Painted LEDs make screen

By Kimberly Patch, Technology Research News

A research team from Germany has developed a process for producing plastic, full-color flat screen displays that is simpler and potentially cheaper than today's manufacturing methods for organic light-emitting diode screens.

The researchers made the displays by spreading light-emitting plastic, or polymer, molecules on a surface and exposing the polymers to spots of ultraviolet light.

The method could produce color screens that are comparable in quality to current flat screens, but are more rugged and require less power, according Klaus Meerholz, who conducted the research at Munich University in Germany and is now a professor of physical chemistry at the University of Cologne. The method allows for "flat panels with high brightness, extremely large viewing angle, and fast switching times," he said.

The method is "really fantastic," said Yang Yang, a professor of materials science and engineering at the University of California at Los Angeles. "The idea... has been discussed for years," he said. "However, the device performance is always much poorer than... traditional devices." The researchers did an excellent job of pushing the device performance to a practical level, he said.

The researchers' prototypes produced pixels of comparable size, sharpness and thus resolution as today's state-of-the-art flat screens. The method has the potential to produce even smaller pixels, which would make for screens of higher resolution than today's models, according to Meerholz.

The process is also "much simpler" than existing flat-screen manufacturing methods, said Meerholz. This could translate into cheaper and more rugged full-color screens for devices like cell phones and laptops.

The process could also be used to pattern polymers to make electronic devices like transistors, sensors, and even wires, said Yang.

Key to the method is a polymer molecule that emits light and also has photoresist properties. Photoresists are soluble in water, but shining ultraviolet light on them causes the polymer molecules to each other, rendering them insoluble.

This property allowed the researchers to pattern the polymer into the separate, tiny dots, or pixels needed to produce a screen. The researchers spread the polymer on a surface, shined ultraviolet light through a shadow mask that contained 125-micron holes, then washed off the polymer that was not cured.

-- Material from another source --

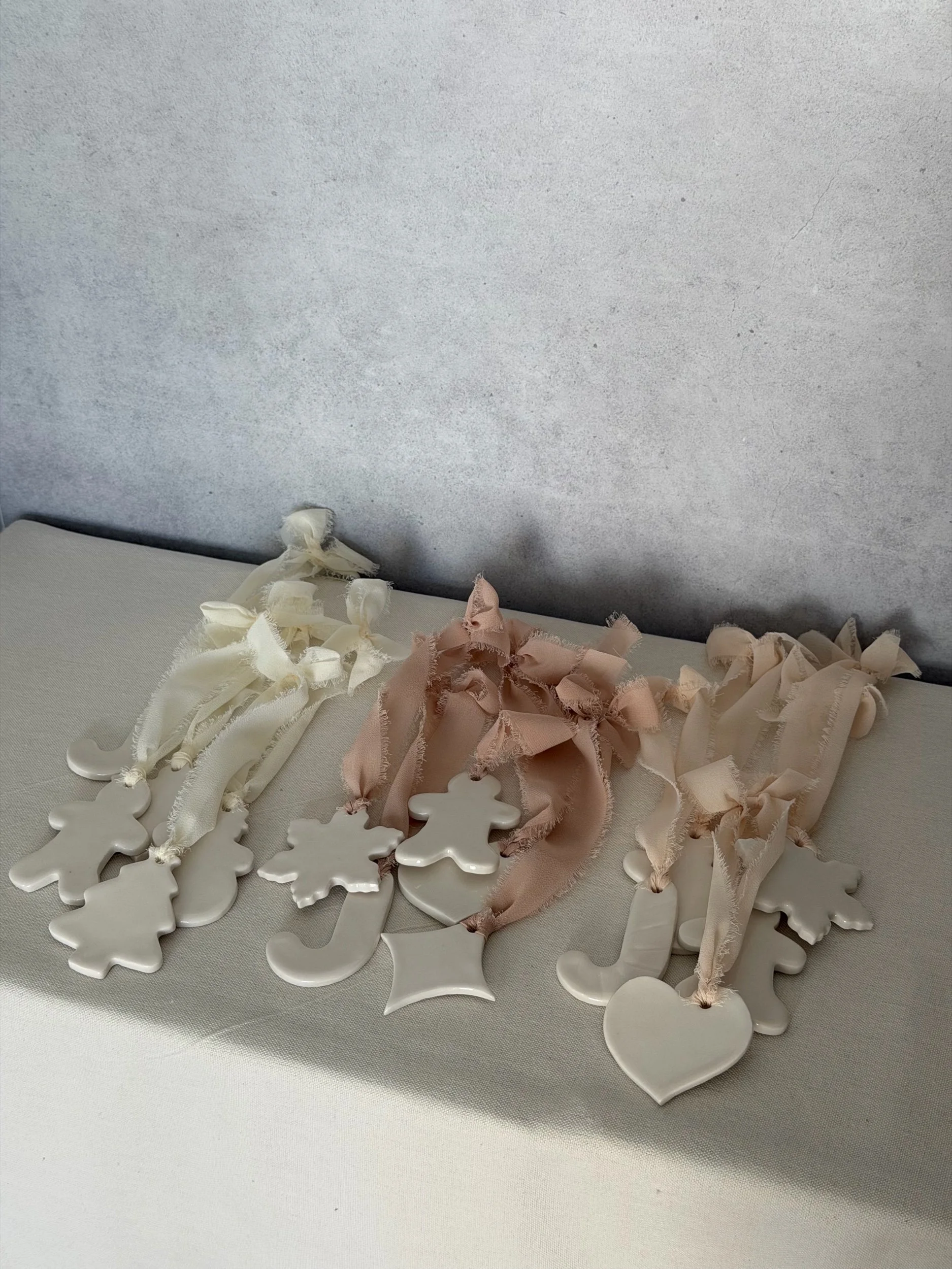 Each ornament is carefully crafted in my home studio in Los Angeles, featuring unique shapes and rustic charm that bring warmth and personality to your Christmas decor. Perfect for adorning your tree, gifting to loved ones, or enhancing your holiday celebrations.

A micron is one thousandth of a millimeter.

By repeating the process with red-, blue- and green-emitting polymers, the researchers were able to produce a full-color screen.

The method produced sharply defined dots, and in theory could produce dots only a few microns wide, which would allow for even higher resolutions, according to Meerholz.

The process is quite promising for full-color flat-panel displays, mechanically flexible displays and, potentially for color image sensors, said David Braun, a professor of electrical engineering at California Polytechnic State University. The simultaneous control over pixel color and pixel patterning, and the ability to produce nonsoluble electroluminescent films, are novel, he said.

The researchers are currently testing the long-term stability of screens produced using the method, according to Meerholz. They are also working on producing true RGB colors, which are the standard colors displayed by computer screens.

The method could produce practical displays within two years, said Meerholz. "The technology is almost ready to go."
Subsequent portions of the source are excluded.